Schiro Law Firm Blog

Landlord's Mitigation

What may a landlord do to recover lost rent on commercial property when there is still a substantial amount of time remaining on a defaulting tenant’s term?  A fairly common occurrence in business litigation is dealing with a tenant who walks away from a long term commercial lease agreement.  Is it possible to recover all the rent still due under the lease’s remaining term?

In Texas a landlord has a duty to mitigate damages when a tenant defaults on a commercial lease agreement and abandons the leased property.  Austin Hill Country Realty v. Palisades Plaza, 948 S.W.2d 293 (Tex. 1997).  The landlord must use reasonable efforts to relet the property.  Id.  This situation is especially bothersome if the tenant breaches a multi-year lease near the beginning of the lease’s term.

What if the landlord has difficulty reletting the property?  How much effort is “reasonable” before a landlord may sue for damages?  The duty to mitigate does not require the landlord to relet the property to any willing tenant.  The replacement tenant must be suitable under the circumstances.  Id. at 299.  Consequently, the abandoned property may sit vacant for a significant time while the landlord searches for a suitable tenant.

As for when to sue, a landlord need not wait until the property has been relet before seeking damages.  When suing the departed tenant for damages the landlord may treat the breach of the lease as an anticipatory repudiationSee Speede Mart, Inc. v. Stovall, 664 S.W.2d 174, 177 (Tex.  App. – Amarillo 1983, writ ref’d n.r.e.).
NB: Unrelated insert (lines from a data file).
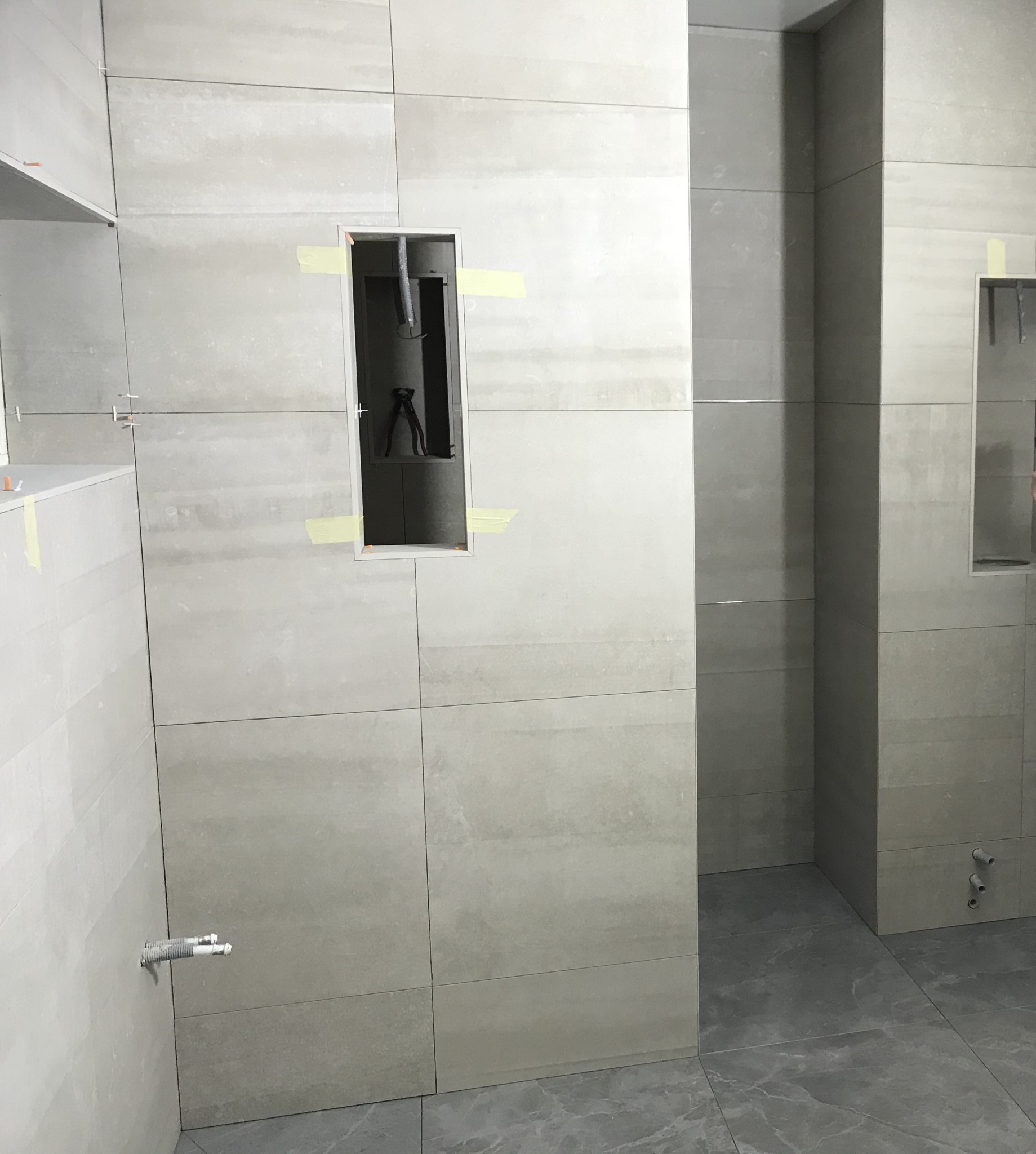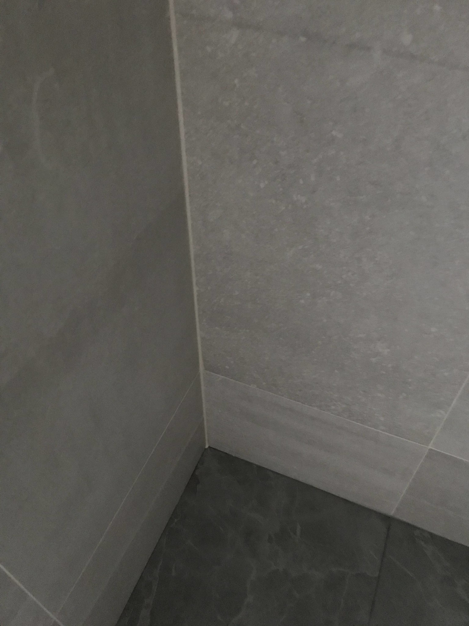 Plattsättaren har satt upp en platta i ett för där en flisa gått ur och lämnar upp till 5mm glipa. Förövrigt väldigt snyggt gjort med 60x60 plattor och 1mm fog. Han menar att det inte kommer synas efter att man har fogat och silikonat hörnet.
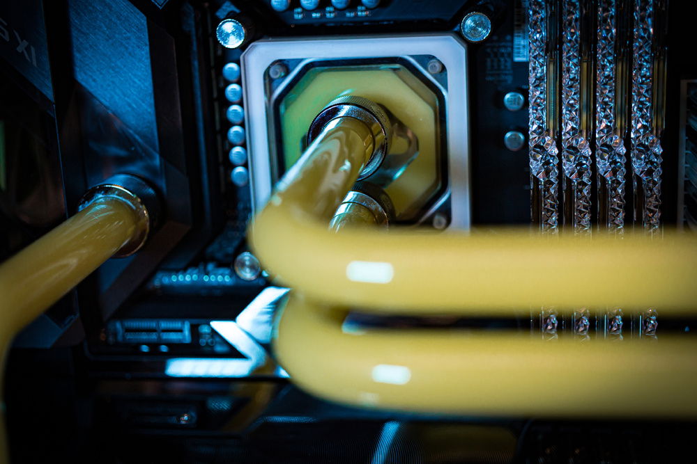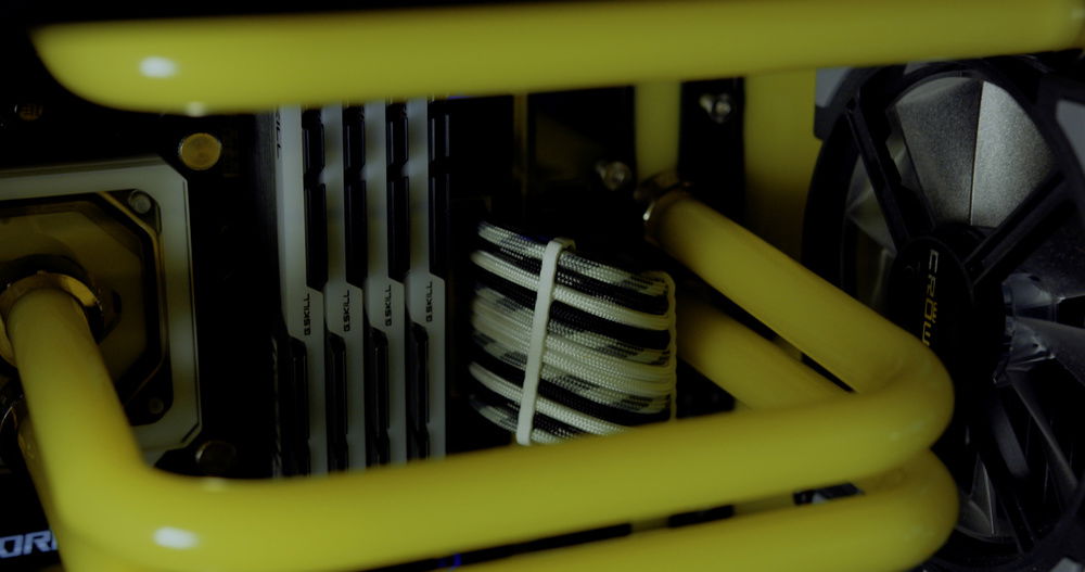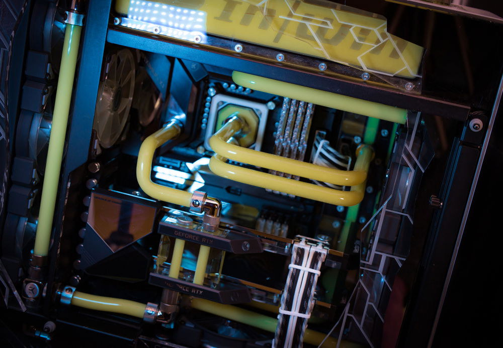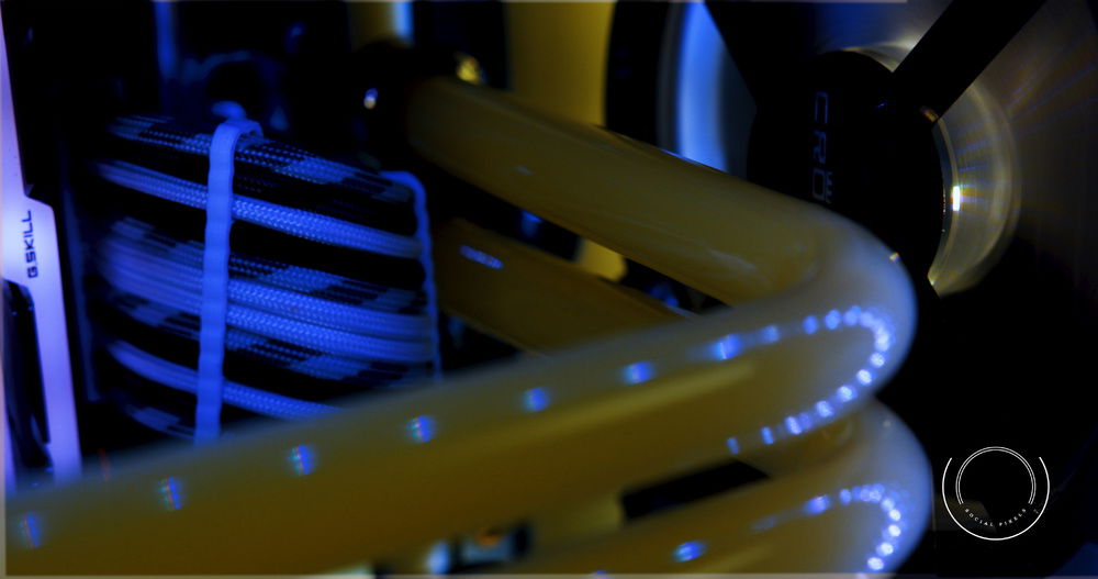 The whole theme of this build, it that it goes with ANY color coolant! all parts are silver/chrome, clear, white, grey and black. so just changer the coolant and switch the lights, and its a whole new theme going ;)
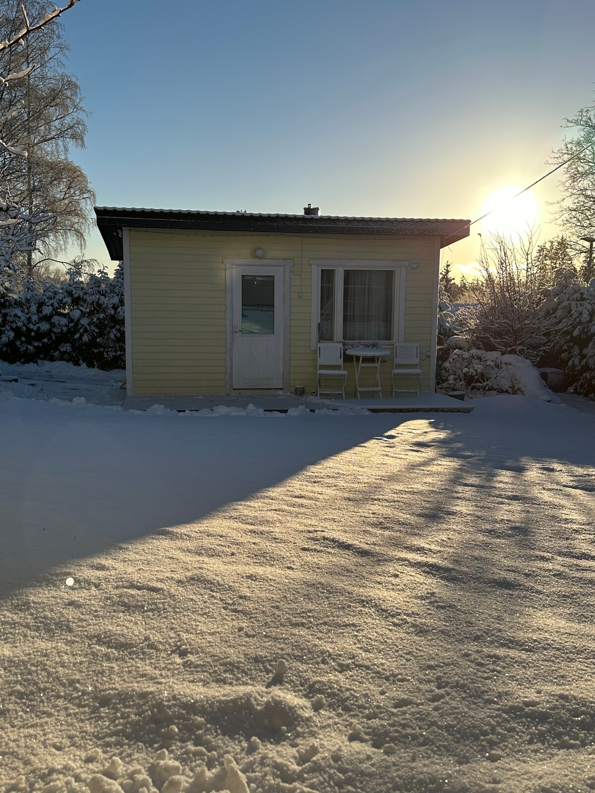 The cottage is located in a quiet residential area in Kaarina Littois. The distance to the center of Turku is 8 km. Bus stop about 700 m. Littoistenjärvi beach is within walking distance (2km). The cottage has a spacious room with beds for two and a refrigerator, as well as a toilet and shower. Enjoy the sun and the birdsong on the cozy terrace. There is a parking space for the car in the yard. The owner's house is located in the courtyard.
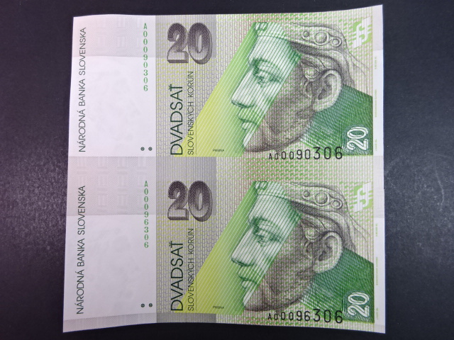 20 Sk 1993 série A, nerozstřižené 2 ks
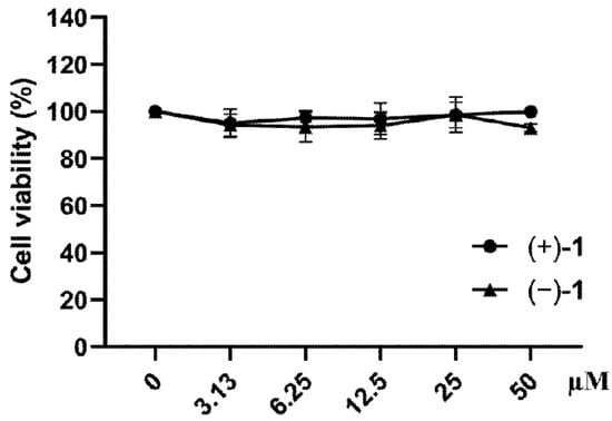 Cytotoxicity of compounds (+)-1 and (−)-1 was investigated by measuring cell viability. As shown in Figure 4, compounds (+)-1 and (−)-1 exert no cytotoxicity on RAW 264.7 macrophages at 3.13, 6.25, 12.5, 25 and 50 μM. Therefore, compounds (+)-1 and (−)-1 at 3.13–50 μM were used in subsequent experiments.
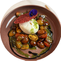 Buratta, méli melo de tomates cerises et basilic et sa réduction de balsamique au miel.
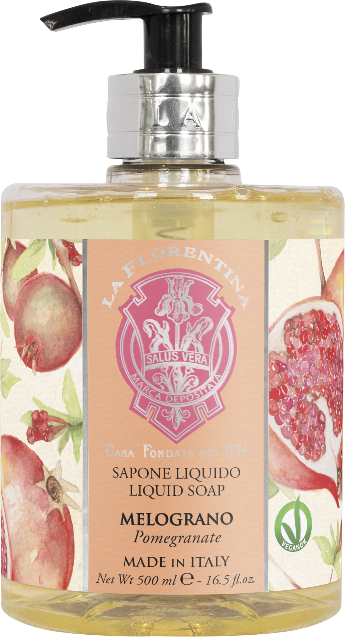 Tekuté mýdlo La Florentina Melograno šetrně, ale účinně čistí pokožku vašich rukou a zajišťuje jim potřebnou výživu a péči. Má certifikát VEGANOK - ve výrobku a jeho obalu nejsou použity žádné živočišné produkty.
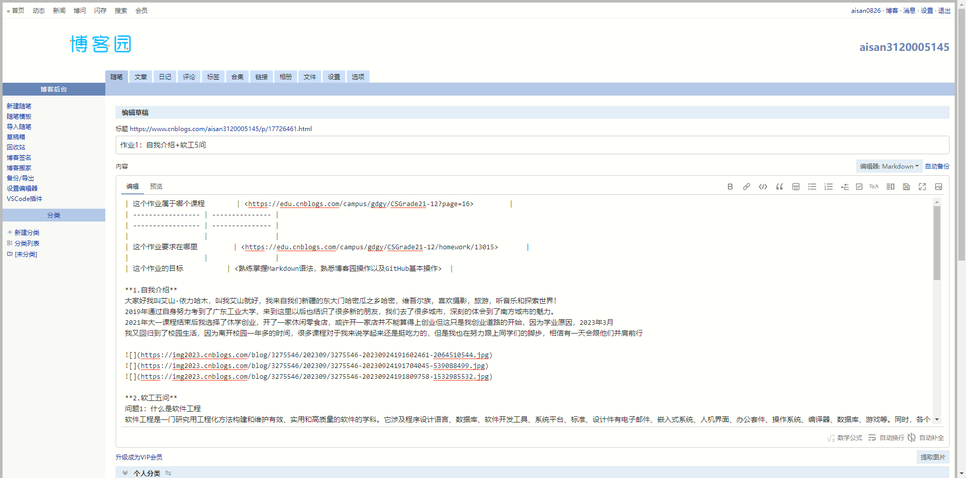 | 这个作业的目标 | <熟练掌握Markdown语法,熟悉博客园操作以及GitHub基本操作> |
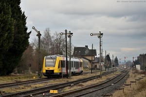 Abzweigbahnhof mit drei Bahnsteiggleisen und mechanischem Stellwerk der Bauart Jüdel
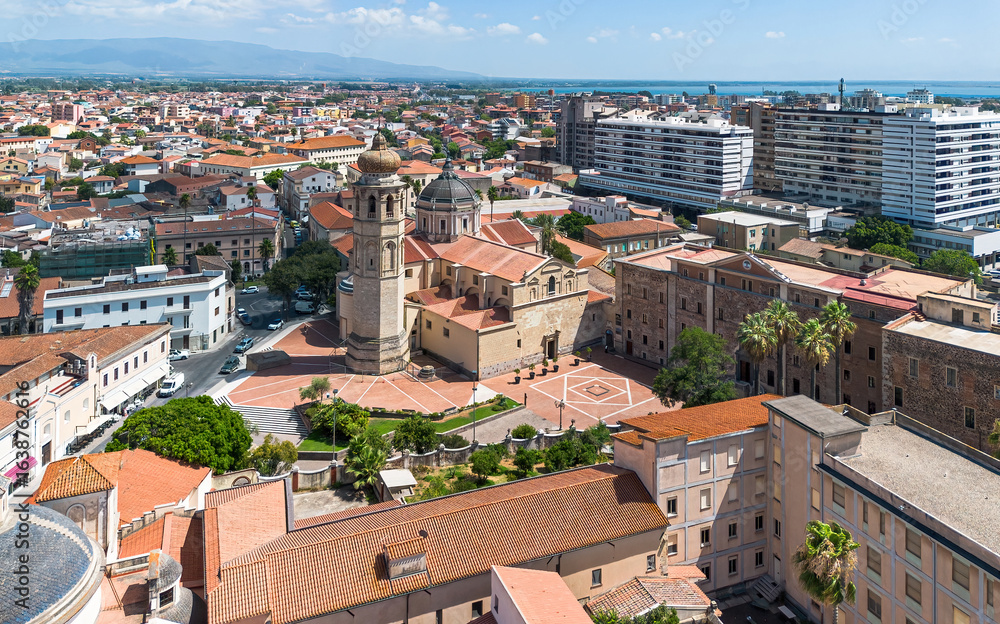 Aerial view of the Oristano Cathedral in Sardinia, Italy - Baroque cathedral dedicated to the Assumption of the Virgin Mary with a bell tower topped by an onion dome covered with maiolica
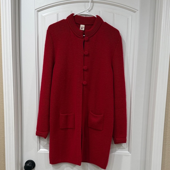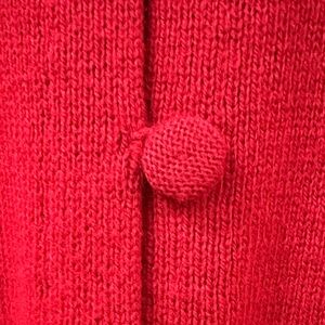 Stylish red handmade Albinas Alpaca wool cardigan featuring button details and front pockets. Excellent condition! Fits like a large.
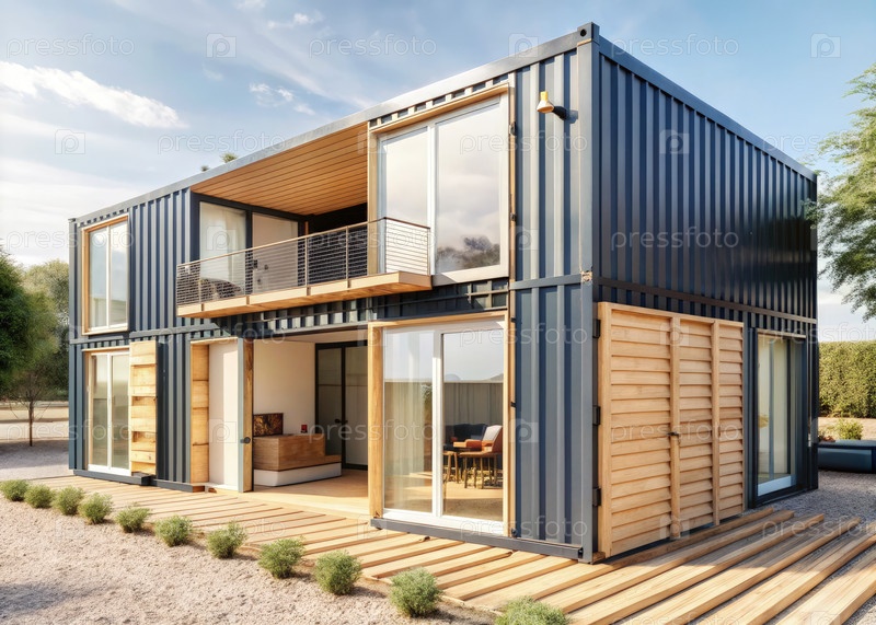 Современный дизайн контейнерного дома в стандартном масштабе с наружным пространством
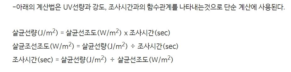 조사시간(sec) = UV 선량(J/cm(2)) / UV 강도 (W/cm(2))
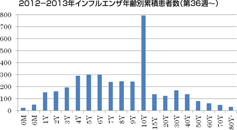 2012−2013年の累積報告者数は、2歳以下で全報告数の90%以上を占めています。
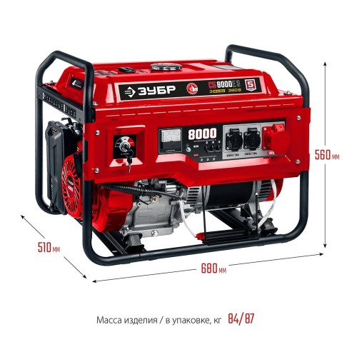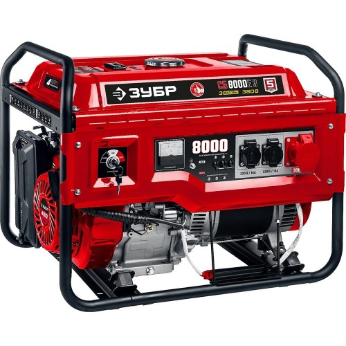 ЗУБР 8000 Вт, 380 / 220 В, бензиновый генератор с электростартером (СБ-8000Е-3)
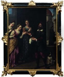 Two Princes Visiting A Hermit In A Forest, Offering Him Wine And Fruit
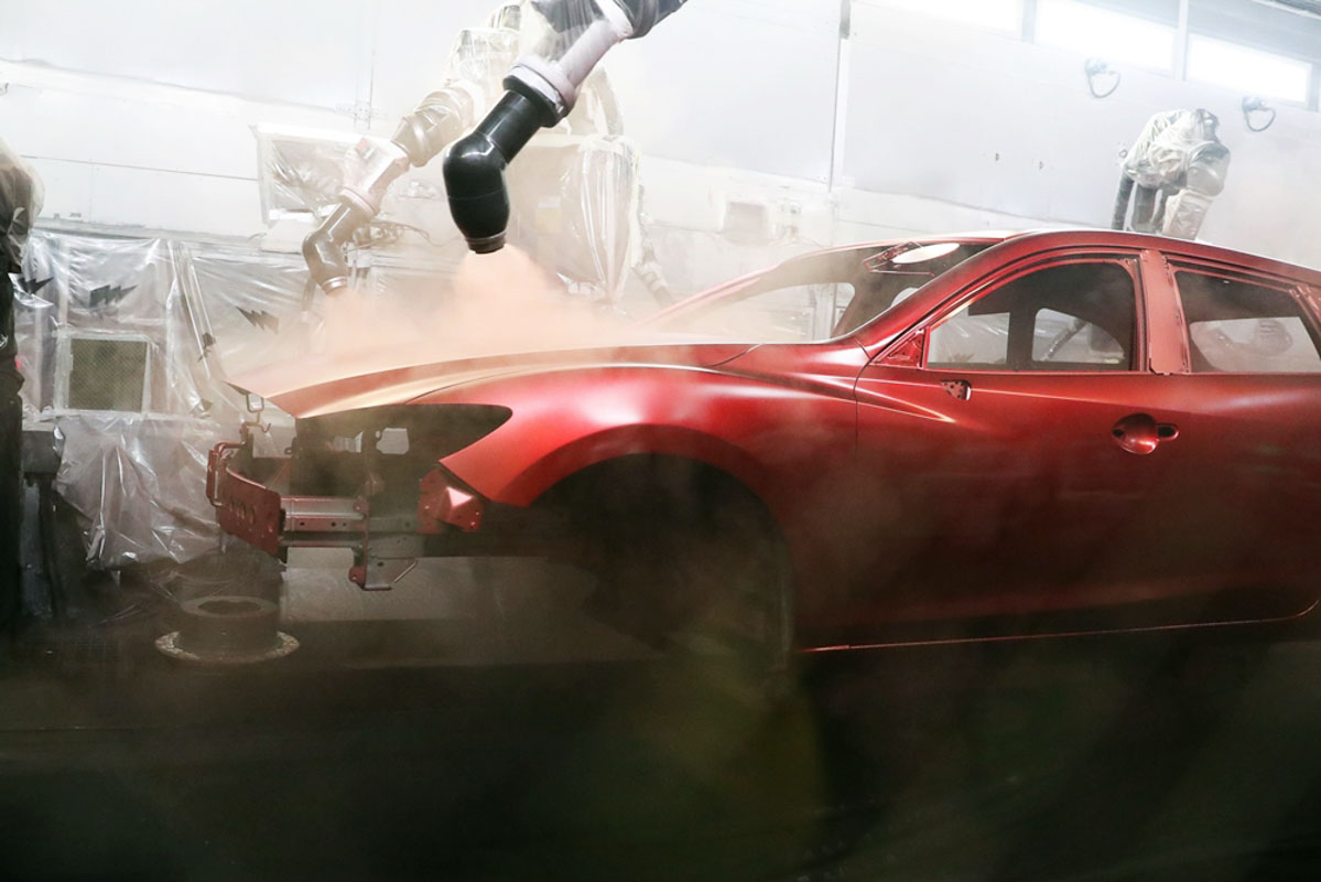 于是,水晶魂动红(Soul Red Crystal)诞生了。它的创作灵感源自喷发的岩浆以及岩浆最后冷却形成的黑色的岩浆岩。耗时五年研发,为了让全新的水晶魂动红达到一种流光溢彩魔幻般的色彩变化,工程团队巧妙地利用了三层涂装层,通过改变重叠秩序实现了水晶魂动红丰富多彩的表情变化。而为了达到理想效果,Mazda 还研发了高饱和度的红色涂料,以及底层的反射、吸光层,将水晶魂动红的涂料颗粒打磨的比一般涂料更小,喷涂后能实现更高的透明度。
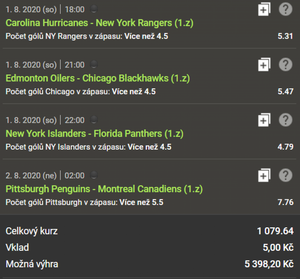 V dnešním díle naší sázkové loterie vás chceme seznámit s fotbalovým tiketem, který obsahuje celkem 4 sázkové příležitosti s celkovým kurzem 1079.64. To znamená, že za 5 vsazených korun můžete vyhrát přes 5 tisíc korun. Tiket byl inspirován tiketem hráče kisssa1, jenom byl z důvodu aktuálnosti upraven (byla z něj odstraněna jedna sázka).
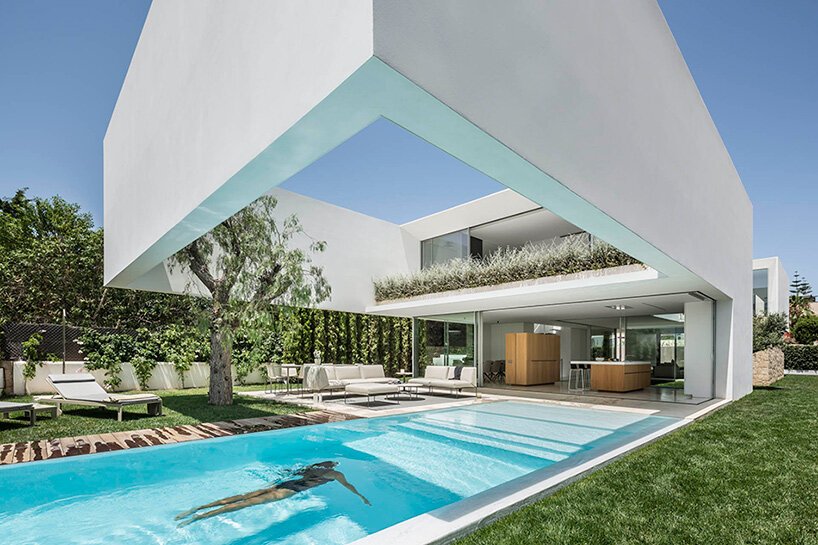 En la parte trasera de la casa, sobre la piscina, se encuentra una estructura dinámica en voladizo que brinda privacidad y protección contra el sol de verano. Hay espacios habitables en el baúl, por lo que la sala de estar está cerca de la entrada y la cocina y el comedor se fusionan con la terraza en la parte trasera. Las puertas corredizas de vidrio permiten ampliar el espacio interior para incluir la piscina y la sala de estar adyacente durante los meses más cálidos. La planta superior es más cerrada e incluye cuatro dormitorios. Una escalera conecta las plantas superiores con el sótano, donde se encuentran el garaje, el gimnasio y el lavadero.

The measure of damages for anticipatory breach of a lease, where the landlord does not relet the premises or declare the lease forfeited, is the difference between the present value of the rent contracted for in the lease and the reasonable cash market value of the lease for the unexpired term.  See Thomas v. Resolution Trust Corp., 1991 Tex. App. LEXIS 1918 (Houston [1st Dist.] 1991), citing Look v. Werlin, 590 S.W.2d 526, 527 (Tex. Civ. App. – Houston [1st Dist.] 1979, no writ).  See also Speede Mart, Inc. at 177.

In Look v. Werlin the court held that the post-judgment interest rate was an appropriate discount factor for use in calculating the present value of future rent.  Look at 528.  Using this rate as a discount factor is at the court’s discretion; at least one other Texas appellate court used this method, following Look v. WerlinSee Lakeside Leasing Corp. v. Kirkwood Atrium Office Park Phase 3, 750 S.W.2d 847, 851 (Tex. App.—Houston [14th Dist.] 1988, no writ).  As for "reasonable cash market value," the commonly understood meaning of this term is similar to the legal definition of fair market value, namely, the amount the owner could realize in rental on the market.  See Lee v. Dykes, 312 S.W.3d 191, 194-95 (Tex. App.—Houston [14th Dist.] 2010, no pet.) 

In sum, a landlord may not be able to recover all of the rent due under a multi-year lease, but a landlord may recover rent subject to a slight discount.